Begin at the line that has "Mlinček za kavo", stop after the line that has "Caso não existam", and print exactly those lines from the records below, without any pictures.
--- Exercise input Enclosed Below ---
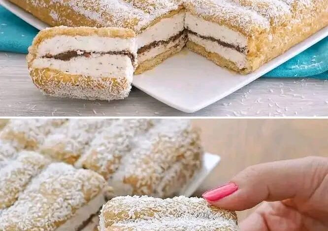 Sei alla ricerca del dolce perfetto che metta d’accordo tutti? Fermati qui! Ti presento la Torta Mattonella al Caffè e Cocco, il dessert “salva-vita” che non delude mai. Immagina la morbidezza dei savoiardi inzuppati nel caffè, uno strato generoso di crema vellutata e quel cuore di cioccolato che sorprende ad ogni morso. 🍫✨
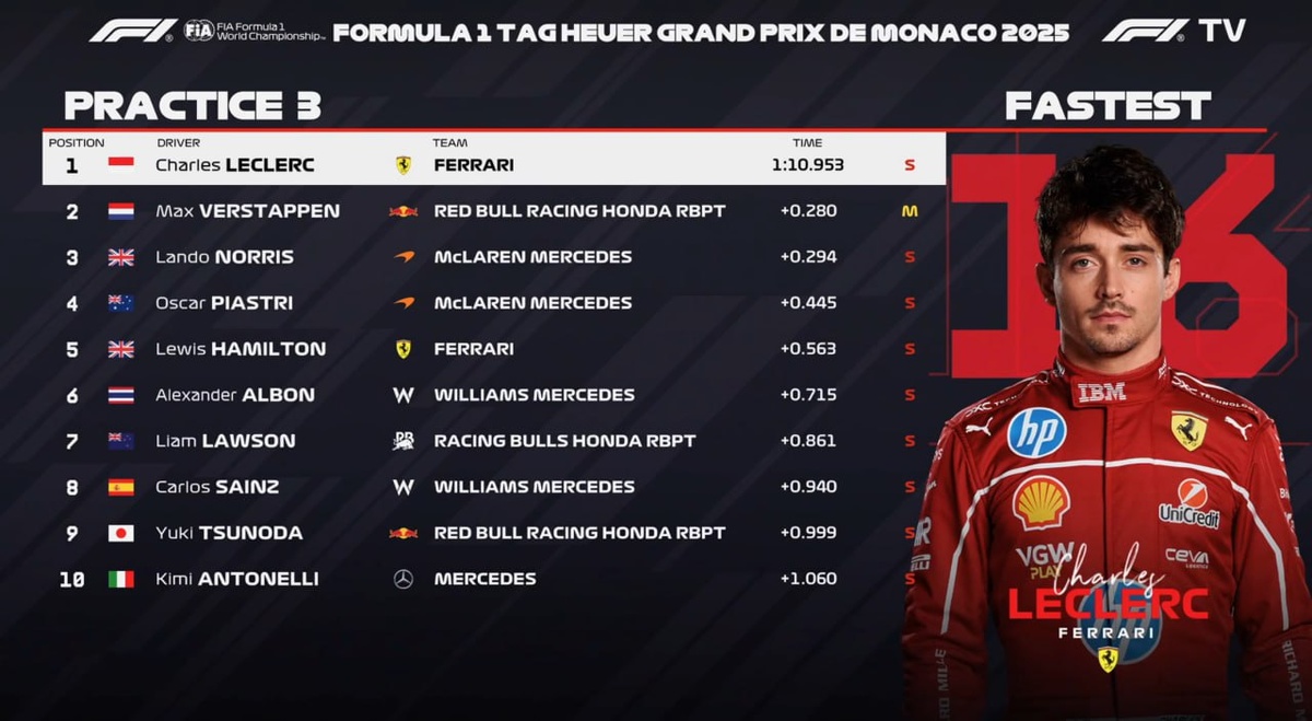 Результаты третьей практики гран-при Монако:
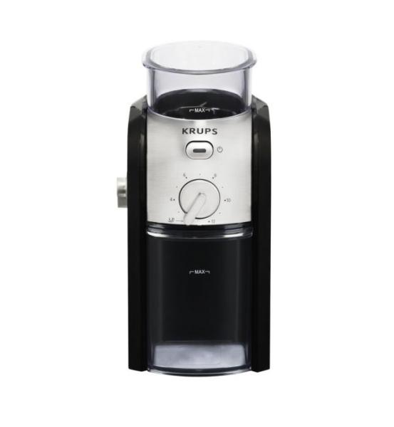 Mlinček za kavo KRUPS GVX242 deluje z močjo 100 W in omogoča 17 različnih stopenj mletja kave, tako da lahko izbirate med fino, grobo mleto kavo in vsem vmes. Mlinček zmore zmleti od 2 do 12 skodelic kave. Mlinček ima zanimiv in praktičen dizajn, ki združuje nerjaveče jeklo s črno plastiko. Kava katera je sveže mleta ima veliko boljši okus. Poleg kavnih zrn lahko v njem meljete tudi začimbe, zelišča in oreščke. Posoda za mletje kavnih zrn je odstranljiva in je primeren za pomivanje v pomivalnem stroju, kar pomeni, da lahko zmleta zrna enostavno stresete v posodo za kavo ali posodo za kuhanje. Mlinček je opremljen je s posodo 200 g z nepredušnim pokrovom, ki ohranja kavna zrna in njihovo aromo. Mlinček je enostaven za čiščenje, mlinski kamni so odstranljivi in za čiščenje lahko uporabite krtačo za čiščenje, ketera je priložena k samemu artiklu.
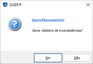 Caso não existam movimentos pendentes, o SIGER® vai exibir mensagem informando que as verificações foram efetuadas e que não foram encontradas inconsistências.
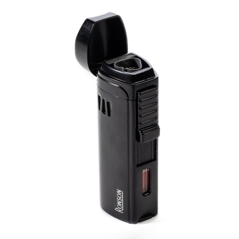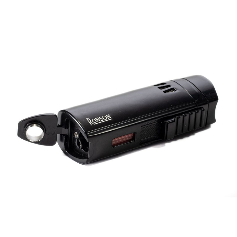 Accendino Jet Flame Ronson Mistral, Triple Flame, Colore: Nero, pratico Cappuccio curvo poggiasigari e Bucasigari nella parte inferiore dell'accendino, scatola originale con certificato di garanzia.
--- End of Enclosed Exercise input ---
## [Task output]
 Mlinček za kavo KRUPS GVX242 deluje z močjo 100 W in omogoča 17 različnih stopenj mletja kave, tako da lahko izbirate med fino, grobo mleto kavo in vsem vmes. Mlinček zmore zmleti od 2 do 12 skodelic kave. Mlinček ima zanimiv in praktičen dizajn, ki združuje nerjaveče jeklo s črno plastiko. Kava katera je sveže mleta ima veliko boljši okus. Poleg kavnih zrn lahko v njem meljete tudi začimbe, zelišča in oreščke. Posoda za mletje kavnih zrn je odstranljiva in je primeren za pomivanje v pomivalnem stroju, kar pomeni, da lahko zmleta zrna enostavno stresete v posodo za kavo ali posodo za kuhanje. Mlinček je opremljen je s posodo 200 g z nepredušnim pokrovom, ki ohranja kavna zrna in njihovo aromo. Mlinček je enostaven za čiščenje, mlinski kamni so odstranljivi in za čiščenje lahko uporabite krtačo za čiščenje, ketera je priložena k samemu artiklu.
 Caso não existam movimentos pendentes, o SIGER® vai exibir mensagem informando que as verificações foram efetuadas e que não foram encontradas inconsistências.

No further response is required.